Items from a data source
"""

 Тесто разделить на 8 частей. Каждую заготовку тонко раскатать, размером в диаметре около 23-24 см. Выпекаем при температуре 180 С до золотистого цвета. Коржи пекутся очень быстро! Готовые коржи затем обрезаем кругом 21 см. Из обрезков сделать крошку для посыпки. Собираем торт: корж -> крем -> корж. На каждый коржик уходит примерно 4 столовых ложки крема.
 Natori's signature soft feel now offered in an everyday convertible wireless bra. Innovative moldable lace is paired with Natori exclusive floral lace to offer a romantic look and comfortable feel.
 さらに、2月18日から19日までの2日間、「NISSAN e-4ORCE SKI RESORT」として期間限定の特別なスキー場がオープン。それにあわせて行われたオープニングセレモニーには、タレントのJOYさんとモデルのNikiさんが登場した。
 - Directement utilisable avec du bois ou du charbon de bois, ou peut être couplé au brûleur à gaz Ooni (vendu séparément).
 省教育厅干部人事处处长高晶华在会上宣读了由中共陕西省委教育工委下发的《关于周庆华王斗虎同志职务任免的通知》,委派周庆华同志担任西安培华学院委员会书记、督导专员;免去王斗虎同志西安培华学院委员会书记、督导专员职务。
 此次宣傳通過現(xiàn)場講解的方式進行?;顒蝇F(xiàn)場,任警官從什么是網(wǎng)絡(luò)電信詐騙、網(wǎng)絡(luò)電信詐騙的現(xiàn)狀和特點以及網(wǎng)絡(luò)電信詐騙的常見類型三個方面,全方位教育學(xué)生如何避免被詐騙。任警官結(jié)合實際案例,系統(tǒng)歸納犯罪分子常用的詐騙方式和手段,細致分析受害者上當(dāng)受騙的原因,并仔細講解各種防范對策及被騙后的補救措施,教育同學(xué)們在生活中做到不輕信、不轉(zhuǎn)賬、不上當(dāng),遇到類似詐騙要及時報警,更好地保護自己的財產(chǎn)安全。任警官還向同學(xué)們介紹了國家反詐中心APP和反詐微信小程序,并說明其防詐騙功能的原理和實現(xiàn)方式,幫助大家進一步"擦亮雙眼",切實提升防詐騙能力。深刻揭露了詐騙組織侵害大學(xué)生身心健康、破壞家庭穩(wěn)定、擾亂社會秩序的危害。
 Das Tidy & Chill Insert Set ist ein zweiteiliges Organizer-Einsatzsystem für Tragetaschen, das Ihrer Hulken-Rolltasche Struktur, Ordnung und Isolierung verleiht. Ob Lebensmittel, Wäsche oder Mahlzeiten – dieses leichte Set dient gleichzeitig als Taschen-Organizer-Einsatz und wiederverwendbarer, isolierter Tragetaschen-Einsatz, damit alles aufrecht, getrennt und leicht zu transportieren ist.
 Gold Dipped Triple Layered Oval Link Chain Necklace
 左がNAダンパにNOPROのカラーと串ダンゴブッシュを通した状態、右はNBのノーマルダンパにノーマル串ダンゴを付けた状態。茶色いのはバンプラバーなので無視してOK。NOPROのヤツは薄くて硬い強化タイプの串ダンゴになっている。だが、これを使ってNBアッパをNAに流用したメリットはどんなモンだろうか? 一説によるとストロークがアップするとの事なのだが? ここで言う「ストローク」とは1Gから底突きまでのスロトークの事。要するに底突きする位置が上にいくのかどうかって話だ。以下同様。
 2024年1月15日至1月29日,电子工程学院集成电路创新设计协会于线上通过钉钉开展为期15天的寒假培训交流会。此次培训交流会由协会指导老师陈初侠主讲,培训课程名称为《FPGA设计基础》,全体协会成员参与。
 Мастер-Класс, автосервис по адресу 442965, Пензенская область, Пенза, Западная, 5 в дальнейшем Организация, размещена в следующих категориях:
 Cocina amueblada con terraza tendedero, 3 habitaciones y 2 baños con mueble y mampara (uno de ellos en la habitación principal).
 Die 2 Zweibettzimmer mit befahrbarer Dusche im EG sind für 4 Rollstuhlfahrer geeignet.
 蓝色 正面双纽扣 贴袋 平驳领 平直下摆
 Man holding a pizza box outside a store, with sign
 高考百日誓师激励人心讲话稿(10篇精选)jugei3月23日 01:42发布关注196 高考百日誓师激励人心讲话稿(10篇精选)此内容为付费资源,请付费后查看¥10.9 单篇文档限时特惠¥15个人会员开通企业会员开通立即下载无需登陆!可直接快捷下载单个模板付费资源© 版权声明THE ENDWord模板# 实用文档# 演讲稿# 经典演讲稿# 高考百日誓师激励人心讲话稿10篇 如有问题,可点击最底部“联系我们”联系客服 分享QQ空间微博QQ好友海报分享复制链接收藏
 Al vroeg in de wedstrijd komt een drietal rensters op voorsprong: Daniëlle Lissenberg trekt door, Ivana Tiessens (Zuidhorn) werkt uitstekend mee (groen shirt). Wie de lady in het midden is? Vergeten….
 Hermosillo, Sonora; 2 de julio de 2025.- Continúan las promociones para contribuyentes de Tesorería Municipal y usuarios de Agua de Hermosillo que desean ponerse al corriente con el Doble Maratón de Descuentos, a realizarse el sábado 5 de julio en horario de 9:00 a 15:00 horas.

"""

> _Aim of the task_
From the data above, output only the lines between the line containing "Man holding a" and the line containing "版权声明THE ENDWord模板# 实用文档#", inclusive, exactly as written.

> _Task result_
 Man holding a pizza box outside a store, with sign
 高考百日誓师激励人心讲话稿(10篇精选)jugei3月23日 01:42发布关注196 高考百日誓师激励人心讲话稿(10篇精选)此内容为付费资源,请付费后查看¥10.9 单篇文档限时特惠¥15个人会员开通企业会员开通立即下载无需登陆!可直接快捷下载单个模板付费资源© 版权声明THE ENDWord模板# 实用文档# 演讲稿# 经典演讲稿# 高考百日誓师激励人心讲话稿10篇 如有问题,可点击最底部“联系我们”联系客服 分享QQ空间微博QQ好友海报分享复制链接收藏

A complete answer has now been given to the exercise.